I would love to see this added to the official documentation. I am happy to take lead but would welcome collaboration with @rhinomagnetar and @JayKay729.
Would you be interested in working on this?

I’d love to but I’m away till September. Not really in a place to write documentation haha

Enjoy your time away! :grinning: I may take a first crack at it & then ask for your review when you return.

1 Like

And what about my first question?

How do you keep an snapshot from each of the last 3 years?

How do you keep an snapshot from each past year forever?

Why not pin a snapshot and put a label on it?

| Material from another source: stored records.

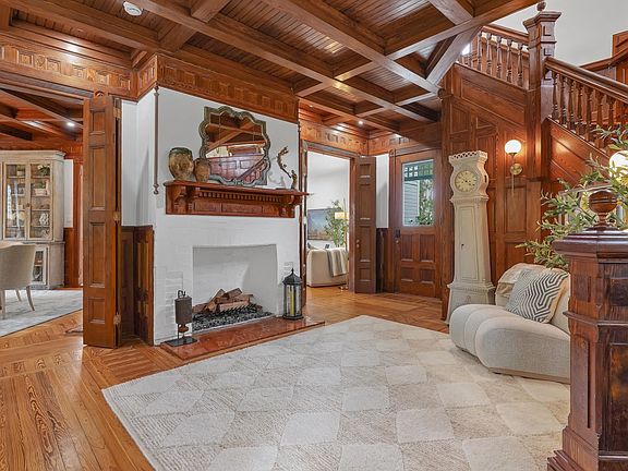 Unique octagonal shapeSoft coastal huesStunning original millworkModern luxuryRich historic beautyWood floors
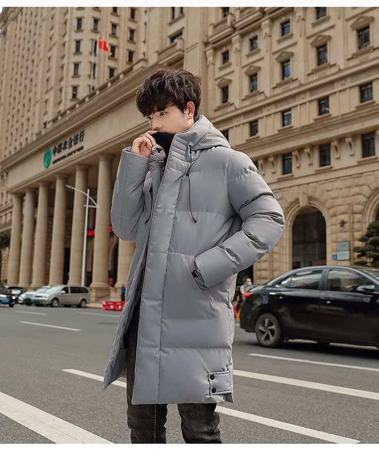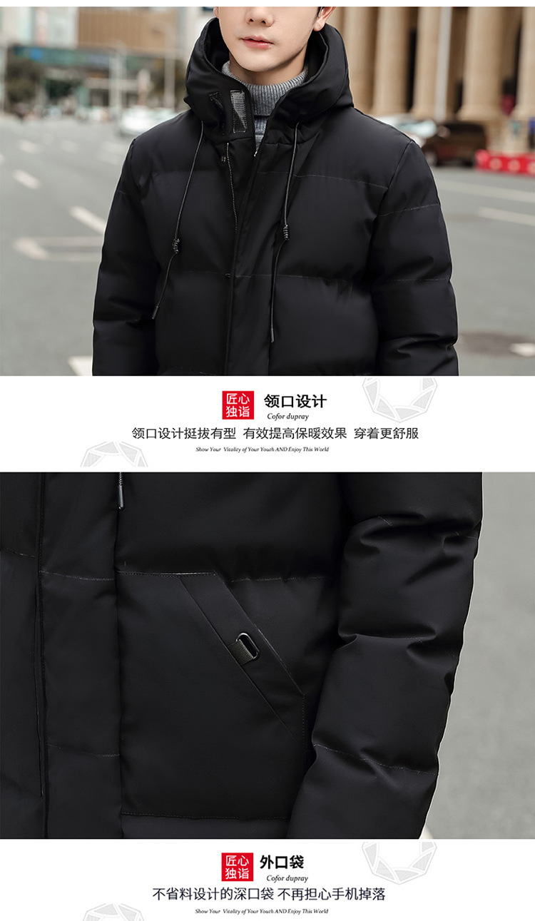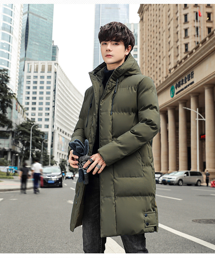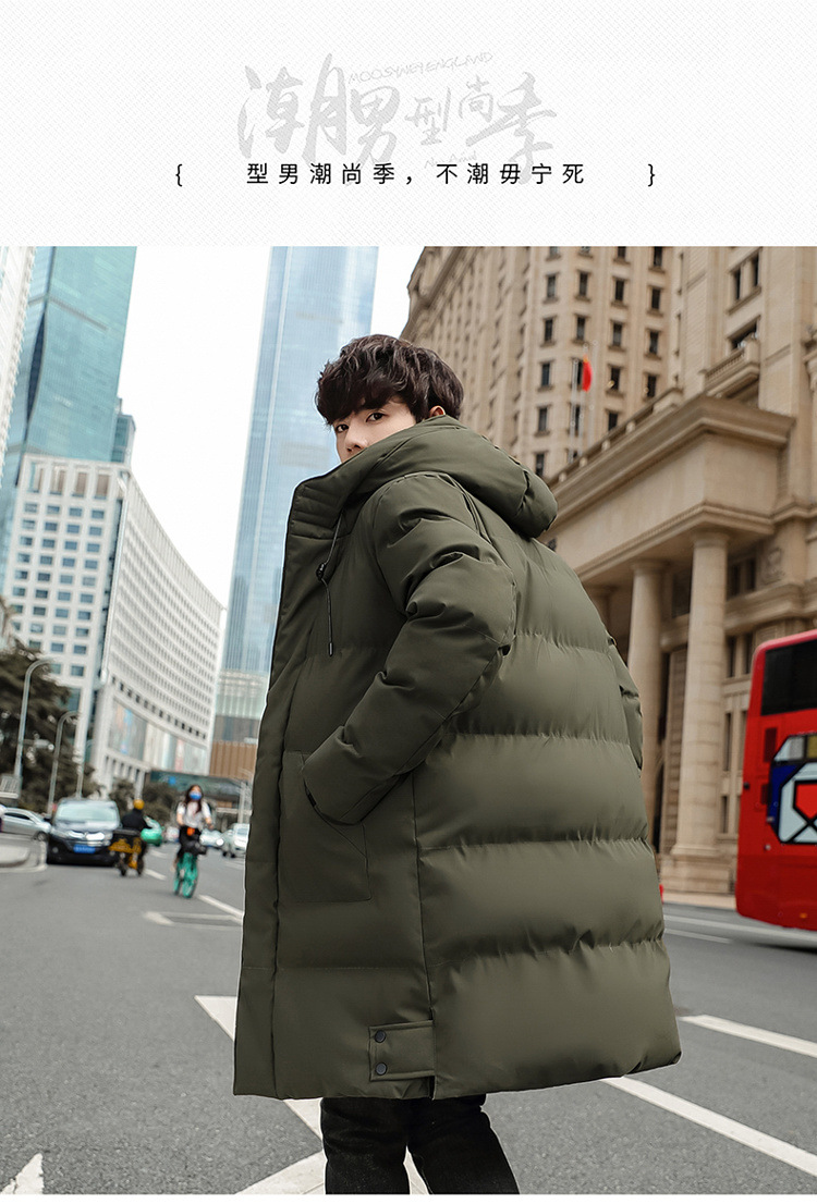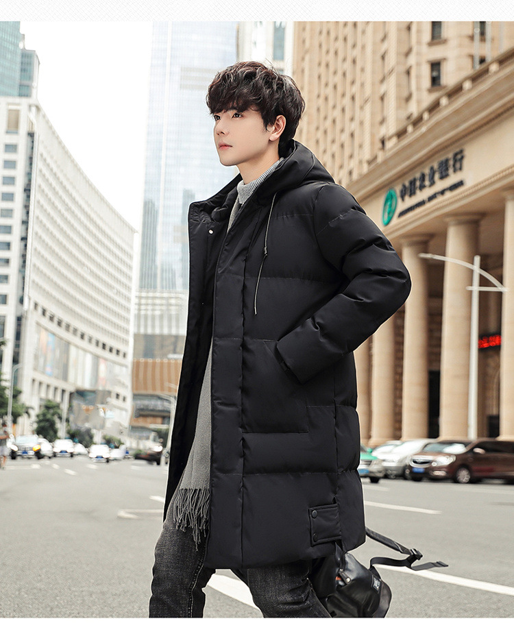 Abrigo acolchado de algodón con capucha de invierno más el tamaño estilo coreano de moda de media longitud engrosada abrigo cálido casual de los hombres de color sólido a juego
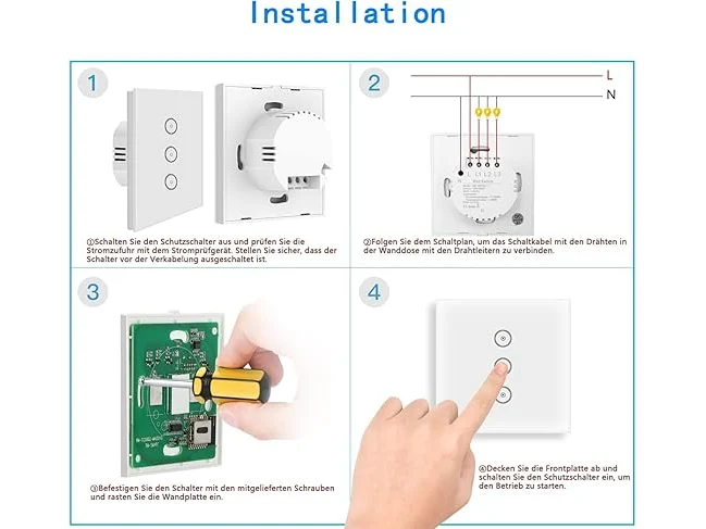 Ongeopend, ok, 3 x UseeLink Slimme lichtschakelaar, Alexa UseeLink 3-weg wifi, intelligent glazen touchscreen-schakelaar, werkt met Amazon Alexa en Google Home, 3 versnellingen, 2 stuks, B0CWYYCHH9
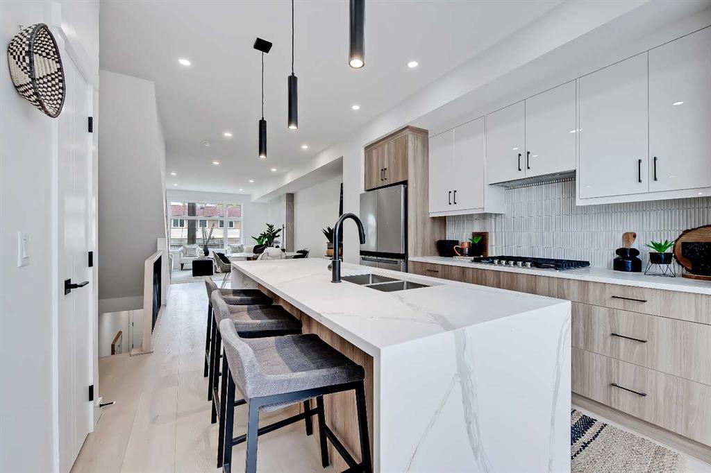SHOW SUITE OPEN THURS + FRI 3-8PM & SAT + SUN 5-8PM! The perfect balance of inner-city, luxury living to match your on-the-go, outdoor lifestyle! These upgraded, spacious, and modern SPRUCE CLIFF MEWS TOWNHOMES are the perfect option for your family, with prices starting at $699,900! Located on the corner of Spruce Drive SW, two blocks up from Bow Trail and across from Shaganappi Point Golf Course, it couldn’t be better suited to an active, metropolitan lifestyle. Enjoy golf course and DOWNTOWN VIEWS, but the open space doesn’t end there! Your neighbour to the north is the Spruce Cliff Community Association! There’s a playground, arts centre, basketball courts, lawn bowling, and open field. Just past the assoc. is a local shopping centre with everyone’s favourite Pie Junkie, a barber shop, a bakery, a pub, and more! Head south, and all the amenities, shopping, and restaurants you could need are within walking distance, including the Westbrook Mall, Westbrook C-Train Station and Library, local dining options along 17th Ave SW, and more as you travel along 17th Ave or 37th Street! Commute downtown in just 10 minutes, or hop on the train for stress-free morning travel. Spend lots of time outdoors all year round, with walking access to the Douglas Fir Trail, Edworthy Park, and the entire Bow River Pathway system! There are many playgrounds for little ones and easy access out of town following Bow Trail to Sarcee. Back home in your new townhome, you have THREE FLOORPLANS in varying price ranges! Each floorplan is loaded with the modern luxuries you want and expect from a new build, with quality finishes and craftsmanship alongside luxury upgrades. All floorplans feature an incredible ROOFTOP PATIO with East and West exposure and built-in planter boxes, a mix of luxury vinyl plank flooring and luxury carpet, 2 upper bedrooms with a third on the main floor that can also be used as a home office or flex space, and a secure, attached oversized single car garage. The gourmet kitchens are finished with upgraded custom cabinetry with under cabinet lighting and soft-close hardware, quartz countertops, central islands with waterfall edges, and a Whirlpool stainless steel appliance package complete with a French door refrigerator, gas cooktop, wall oven and microwave, and dishwasher. Each home also features a kitchen balcony, complete with a gas line for a BBQ! Enjoy family meals and entertaining in the full-size dining room, and lounge comfortably in the spacious living room with a contemporary electric fireplace with tile surround! Two bedrooms, including the primary with a private 4-pc ensuite, are found on the third floor with a laundry closet and modern bathroom finishes. Don’t miss your opportunity for the ultimate live, work, and play lifestyle in these upcoming luxury townhomes! Be sure to view the floorplans, specs, and brochure for an immersive look into your family’s new home today! *Renderings are for inspiration purposes only; actual finishes and selections may vary.
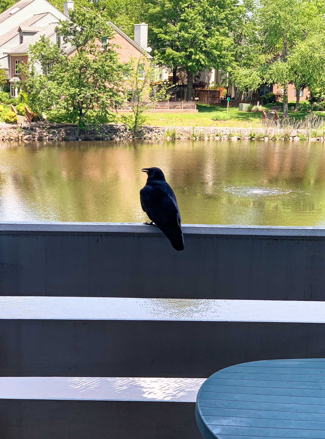 He’s virtually ever present in my garden. Had to young boys with him the other day.Well, after all my talking about how I usually can't seem to shoot small birds, today a blackbird came to call. Literally. I was busy editing images and suddenly heard "caw-caw" rather loud and rather close -- surprised, I glanced out the screen door (glass slider was open) and there he was, big as life, sitting on the deck rail! I grabbed the iPhone, which was the closest camera at hand, and cautiously began shooting, moving very slowly. Eventually I was able to get to the door and shoot through the glass at him.....
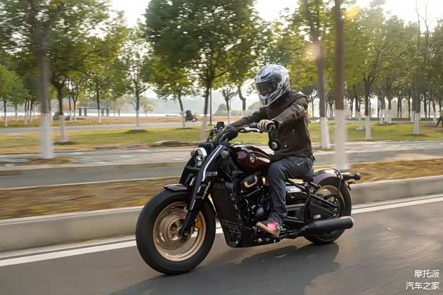 没有采用V型双缸的RA600在骑行姿态上很有自知之明的并没有向美式巡航的高把大前轮尺寸的风格靠拢,铝合金车把的高度与750mm座高很协调的形成了上半身稍微向前倾斜的运动化坐姿。脚踏的位置虽说是巡航车标准前置布局但不过于突出,驾驶者的大腿与小腿的夹角舒展合适又保持了一定的夹持感和紧张度。这样的骑行三角营造出了一个偏向运动感而不是长途舒适度的骑行感受,加上前面发动机部分提到的那种不紧不慢的鼓动感,RA600骑行起来运动却不刺激、惬意却不懒散,它很适合小长假里来一段中短途独自放松的旅程。
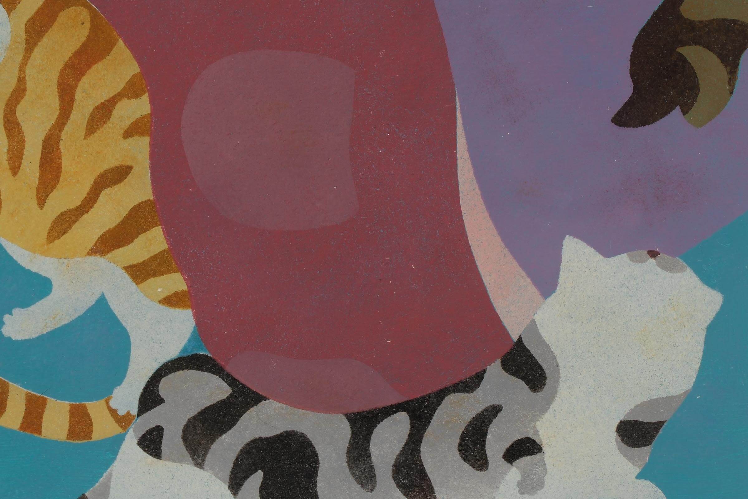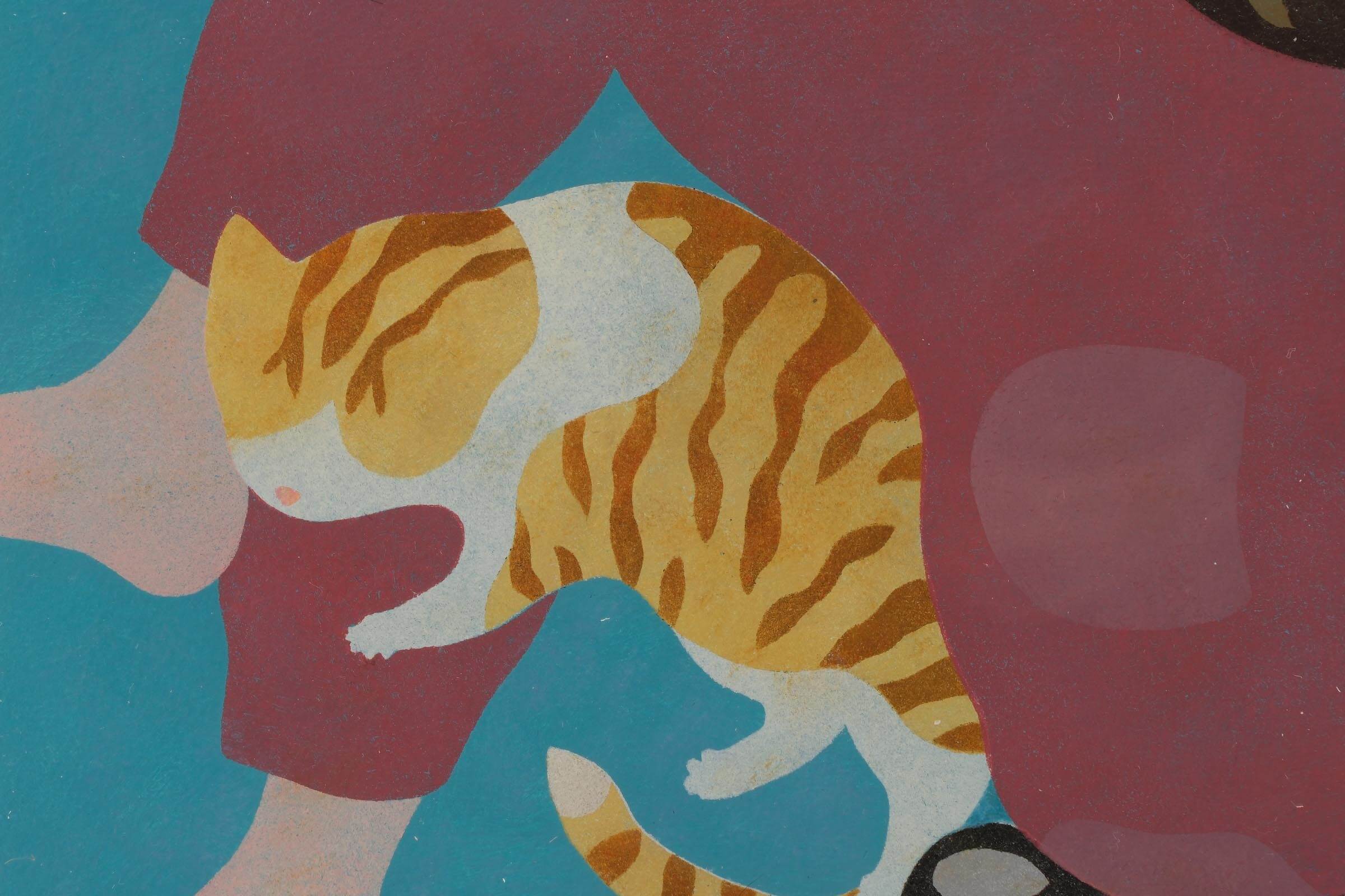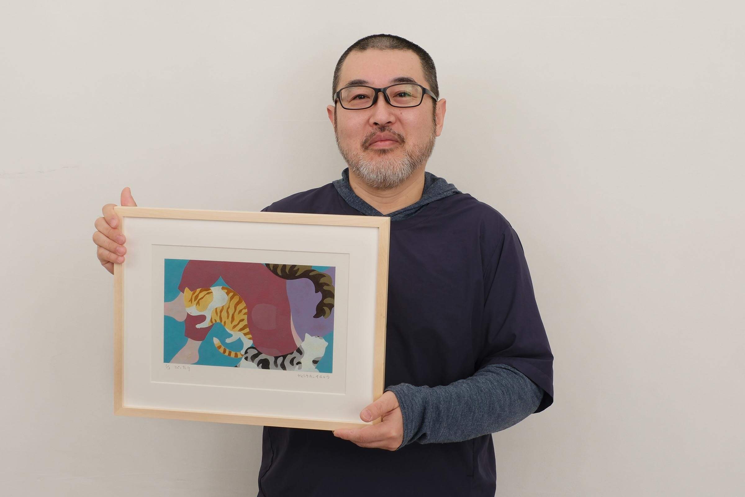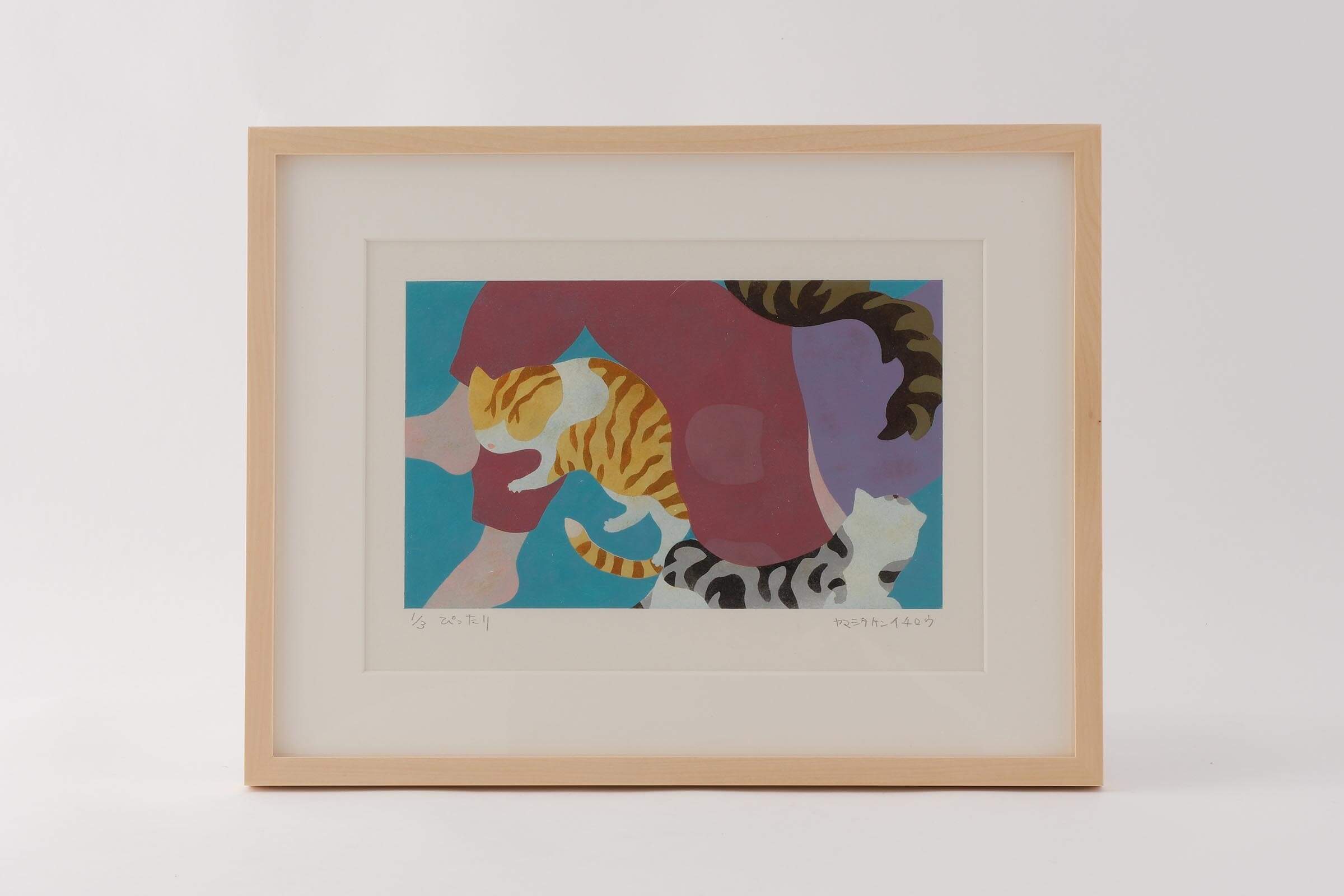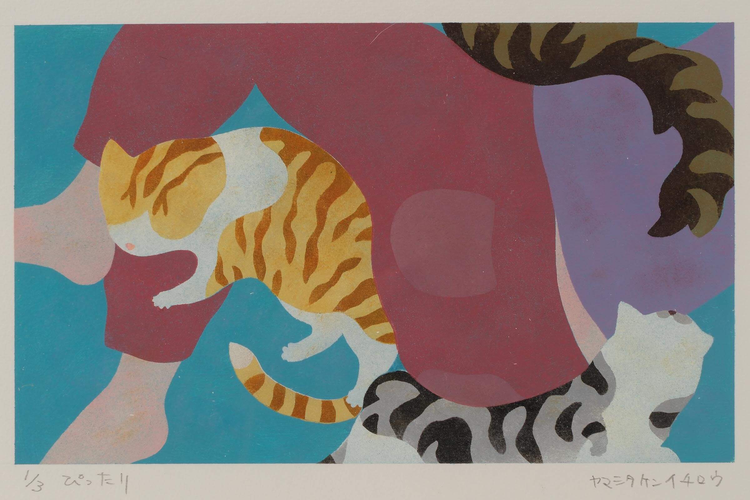 「ぴったり」をそのまま描きました。“ぴったりフィットする”などと使われることもあり、“くっつく”という視覚的なイメージを強く含んだ言葉だと思いました。それもあって、私にとっての日常である“人と猫がぴったりとくっついて寝ている姿”をモチーフに選びました。ステンシルで作っていますが、版画として情報量を削ったときの画面の構成と色合いの綺麗さを見てもらえたらと思います。
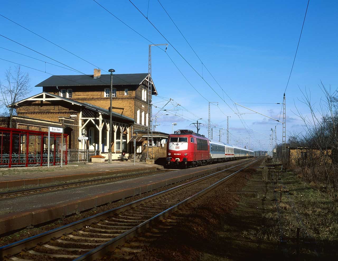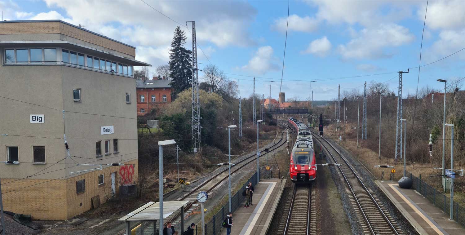 Belzig Reichsb | 65,23 | km 21,6 der Strecke Treuenbrietzen 0,0 - Belzig 21,6 - Brandenburg Neustadt 56,5 - Rathenow 90,25 - Neustadt (Dosse) 125,6 (Spitzkehre in Belzig) |
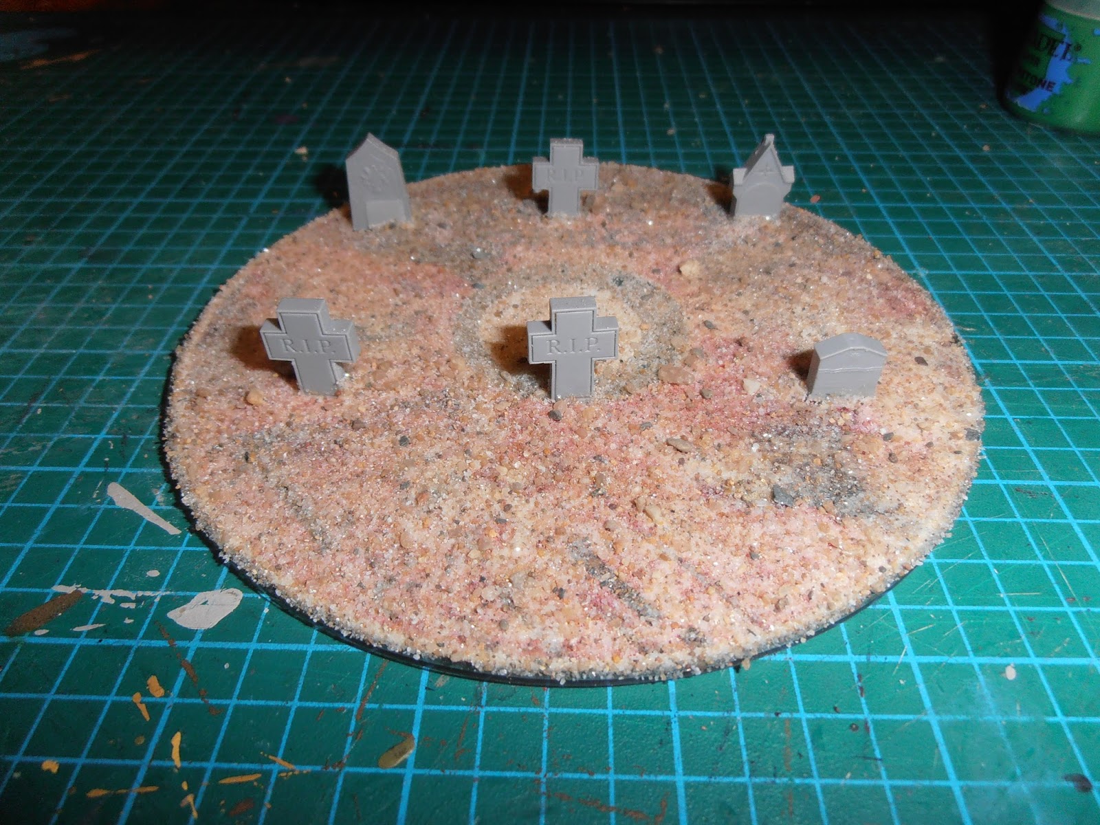 Next, I painted a thin layer of glue across the the surface of each of the six discs. I didn't bother with model paste or anything to build up the groundwork. Graveyards are usually heavily landscaped so it was fine for the earth to be level. Once the bases dried they were primed.

Re: your first question. AFAIK if you set 3 annual snapshots you will have:

  1. 2021 Snapshot
  2. 2022 Snapshot
  3. 2023 Snapshot

And then when the 2025 comes you will have

  1. 2022 Snapshot
  2. 2023 Snapshot
  3. 2024 Snapshot

Are you claiming Kopia treats this as a special case, or are you understanding retention tags exactly backward, or am I?

As I understand it, setting all policies to zero would mean none of your backups get tagged for retention, so they all get deleted right away. Wouldn’t it?

The simplest way to set this argument is to test. It is not really about what I or you understand or not but what kopia designers decided:)

The least verbose explanation I came up with which might help others understand retention:

Kopia allows you to set a series of retention flags on a snapshot. Once all those flags have expired, the snapshot is scheduled for deletion.